The goal of this study was therefore to use NGS to quantify the diet and prey preferences of two invertebrate generalist predators, Rhyacophila dorsalis (Trichoptera) and Dinocras cephalotes (Plecoptera), and assess how these properties changed along a gradient of agricultural intensification. By sampling in four seasons, we also aimed to assess annual variation in diet. We focused on the potential effects on streams of livestock production, primarily sheep rearing, which covers over >50% of the UK land surface (Morton et al., 2011). Stream catchments ranged from those containing semi‐natural vegetation and supporting low sheep densities, to catchments dominated by heavily fertilized pasture sown with non‐native grasses, grazed by much higher sheep densities. Based on a previous field study (C. E. Pearson, unpublished data), R. dorsalis and D. cephalotes were two of the region's most widespread aquatic predators, but showed contrasting distributions: R. dorsalis was abundant in all streams sampled, whereas D. cephalotes was absent from more intensive catchments. Our aims in this study were to identify how pastoral intensification and season affected the diets of both predators, and whether differences in their diets could account for their differing sensitivity to agricultural land use. It was predicted that: (i) being generalists, both predators would consume a wide range of prey taxa in proportion to their availability, so that their diets simply tracked changes in potential prey across the agricultural intensity gradient, but that (ii) the lower resilience of D. cephalotes to agricultural stressors compared to R. dorsalis would be reflected in narrower diet breadth and stronger prey selection; and (iii) the absence of competition from D. cephalotes at the highest agricultural intensities would result in R. dorsalis having a wider feeding niche relative to the available prey diversity.

2. METHODS

2.1. Sample collection and preparation

Ten upland streams in South Wales were selected to span a range of pastoral land‐use intensity.
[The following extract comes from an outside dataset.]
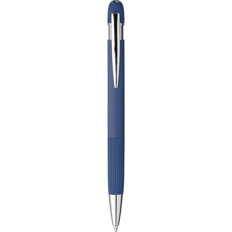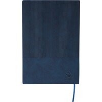 Notatnik ok A5, 100 stron w linie (70 g/m²) z twardą okładką przypominającą sztruks, tasiemka zakładkowa umożliwia wygodne zaznaczanie ostatniej strony lub ważniejszych notatek, długopis w komplecie, gumowe wykończenie, paskowane detale na trzonie i w górnej części, chromowana plastikowa końcówka, ikona recyklingu na obu produktach, zapakowane w brązowe kartonowe pudełko, produkt wykonany z PU i metalu

The catchments of all 10 were dominated by pastoral agriculture (>75% of catchment area) and had sandstone/mudstone geology, whilst the streams had similar base‐cation availability (Larsen, Ormerod, & Vaughan, 2009) and were matched as far as possible on the predominant substrate, depth, width and altitude. The catchments differed in the extent of unimproved pasture (unfertilized, with native grass species supporting low densities of livestock; 0%–100% cover) and improved pasture (fertilized and reseeded with high stocking densities; 0%–86% cover; JNCC, 2000). Agricultural intensity is difficult to quantify, being influenced by factors including stocking density and fertilizer applications for which high‐resolution data are difficult to obtain. Therefore, an index of in‐stream physicochemical conditions was used as a surrogate for agricultural intensity. The index (hereafter “intensity score”) was the first principal component from an analysis of 45 variables recorded at every site, which included water chemistry, channel morphology, bankside vegetation, erosion extent, flow velocity and sedimentation (see Appendix S1 for full details of the intensity score). Larger intensity scores equated to higher nutrient concentrations, greater poaching of the banks and fine sediment cover of the stream bed: all associated with intensive livestock production (Pearson, Ormerod, Symondson, & Vaughan, 2016).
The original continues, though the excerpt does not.